Jan 20, 2007 00:21
I turn the little innocent looking chunk over and over in my hands, studying it. It looks so frail, so incapable of keeping anyone a prisoner inside its grasp. Yet it is a genuine piece of the Berlin Wall, brought over to America by friends of my parents. They found a small standing part of it in some distant field, took a hammer to it, and smuggled a piece home. They honored us with two pieces of it tonight - one for my parents and one for me.
The feeling I get when I hold it in my hands is indescribable. There are floods of dark, of tears, of hopelessness, of death, angry shouts, fear. But enveloped in all those emotions is something else. Peace. Quiet. A serene feeling of a time gone by.

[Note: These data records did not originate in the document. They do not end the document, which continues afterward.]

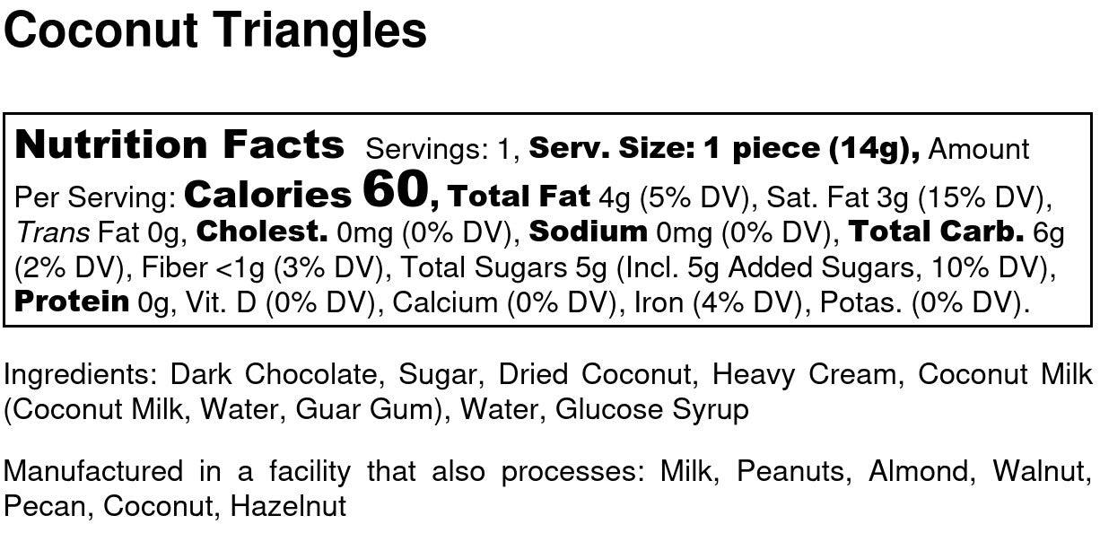 The Coconut Triangles are one of our favorite holiday and everyday treats. A sweet, moist coconut center covered in a semi-sweet Belgian chocolate coating. Includes simple and fresh ingredients. These are a huge hit with everyone.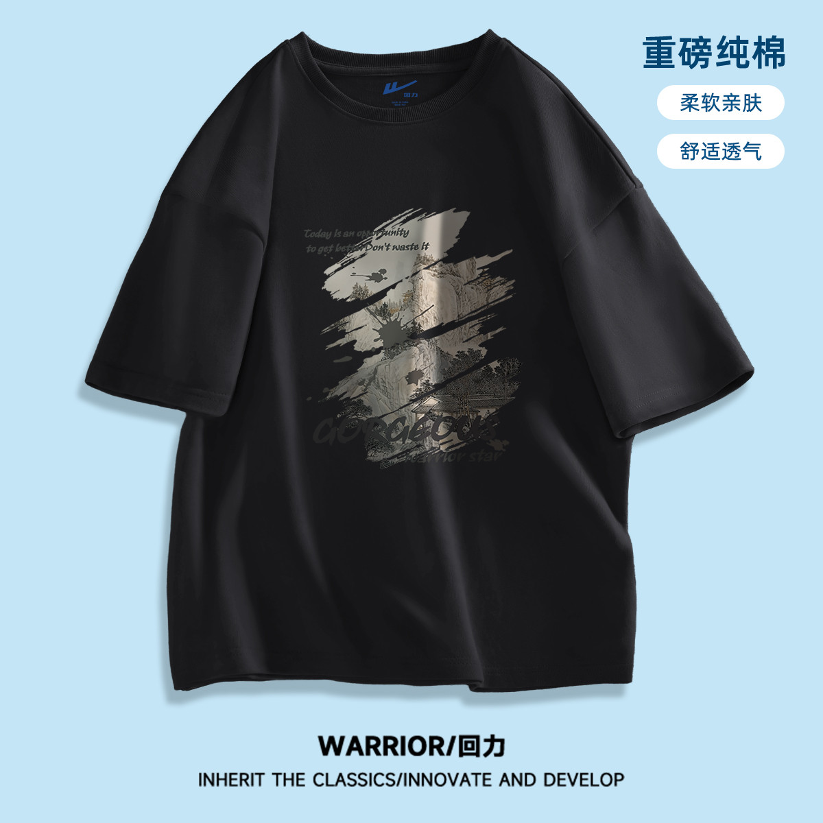 【220克重磅棉】短袖男宽松大码简约潮牌运动上衣重磅纯棉t恤 821331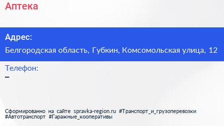 Аптека по адресу Белгородская область, Губкин, Комсомольская улица, 12 в дальнейшем Организация, размещена в следующих категориях: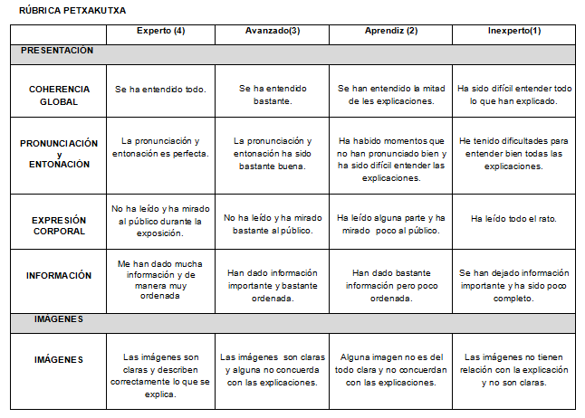 Els alumnes, en grups de quatre, escullen un tema de dins el projecte que s’ha treballat i elaboren un Petxa Kutxa (Power point de 20 diapositives explicades en vint minuts) que explicaran, fent una síntesi, als alumnes del curs inferior.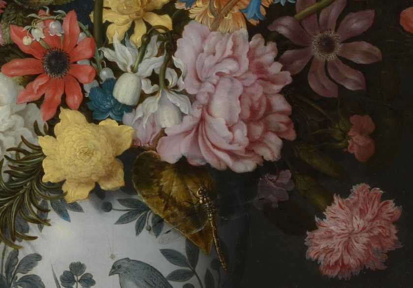 Главная идея цветочного европейского натюрморта 17 века выражается одной фразой: «Сделайте мне богато!» Самые ранние голландские панели оставили сдержанного и наивного том Ринга далеко позади, и расцвели десятками ирисов, роз и ландышей. Фламандские же картины были еще роскошнее голландских. Со временем растений становилось все больше, художники писали их всё тщательнее и тоньше, картины пропитались обильным пОтом живописца, как и любил покупатель. В дорогой картине обязательны были сотни однотипных деталей: многочисленные виды цветов, бабочки, былинки, ползущие по стеблям гусеницы, больные листья с дырками, ракушки, прожилки, мошки, мушки, мышки, блики, роса, муравьи. В жанре на протяжении века торжествовали подробности, одинаковость и единомыслие – нужны были роскошь и детали, роскошь и детали, роскошь и детали. Выбор цветов для букета, определенные виды насекомых или ракушек, следы гниения или свежесть листьев никакого символического значения не имели. Просто цветы были модны, картины с букетами продавались, вот их и писали. Оживляя живопись джентльменским набором атрибутов.
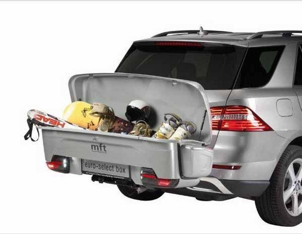 Die euro select Box mit einem Fassungsvermögen von mindestens 300 Litern begleitet Sie bei allen Aktivitäten die auch etwas mehr Stauraum benötigen, wie z. B. bei Nutzung von Ski. In der Grundausstattung kann die Box z. B. mit Ski bis zu 150cm Länge beladen werden- (als Zubehör sind Erweiterungen bis zu einer Ski Länge von ca. 185cm erhältlich). Lieferumfang besteht aus dem kompletten Heckträger für die Anhängerkupplung incl. Heckbox, incl. Beleuchtung mit 13poligem Stecker, incl. EG-Betriebserlaubnis (eintragungsfrei).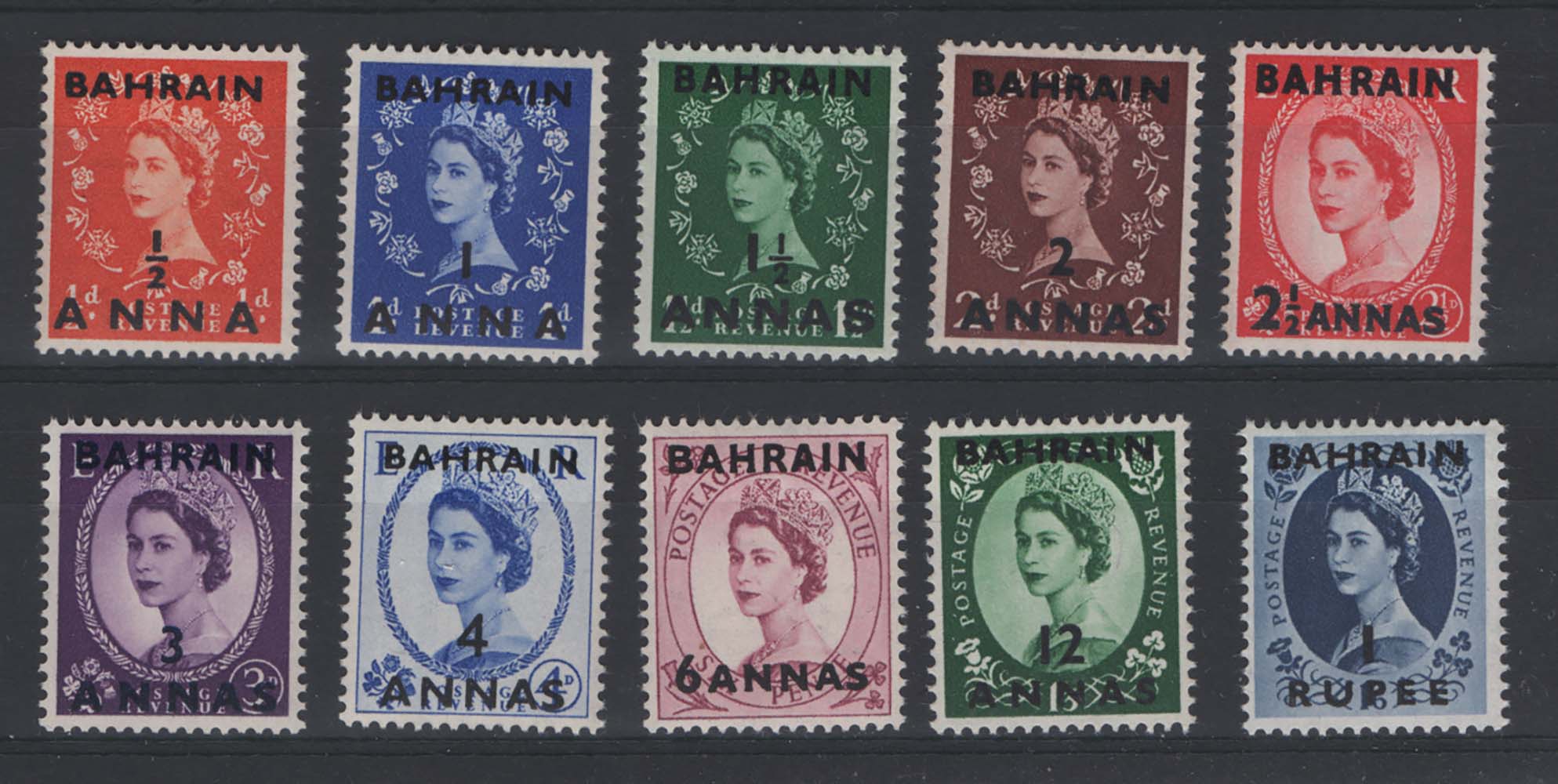 Bahrain 1952 set sg80-9 (6a crease) um c£29 ‡ [ref 288/52 sa/9c0973]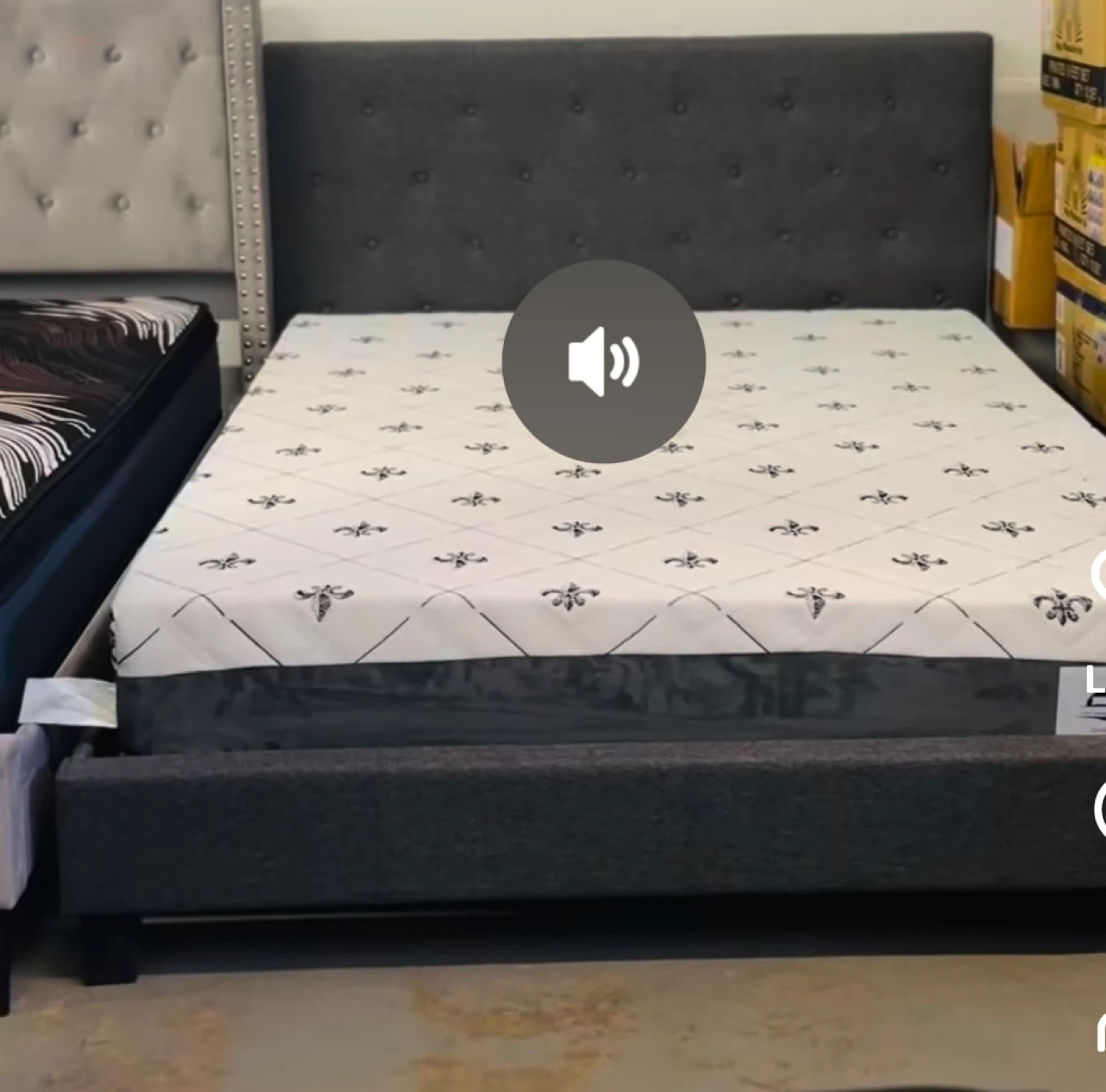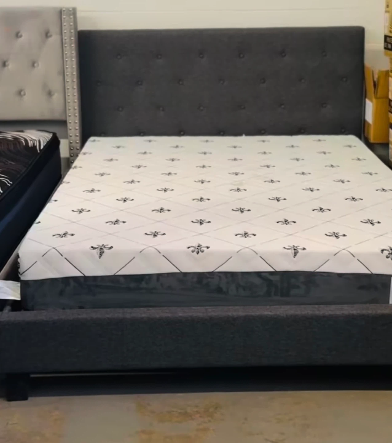 Grey upholstered queen bed frame featuring a stylish tufted headboard. It's a sturdy and modern addition to any bedroom! This frame offers a clean look and ample support for your mattress.

The small shard reminds me of things I often forget in my own life. There are walls that seem forever impenetrable. There are times of pain that seem they will never, ever end, that the darkness that falls will forever cover the sunlight. It reminds me that the power of the small can sometimes overcome the power of the great, that all insurmountable obstacles, like any lifeform, are all condemned to one day grow old, weaken and die.
I put the piece of the mighty wall that kept people separated in a small box, lest its frail edges crumble to dust in my hands. That fact alone I find ironic.
I wonder what shards of my lifetime will future life find someday among the ruins.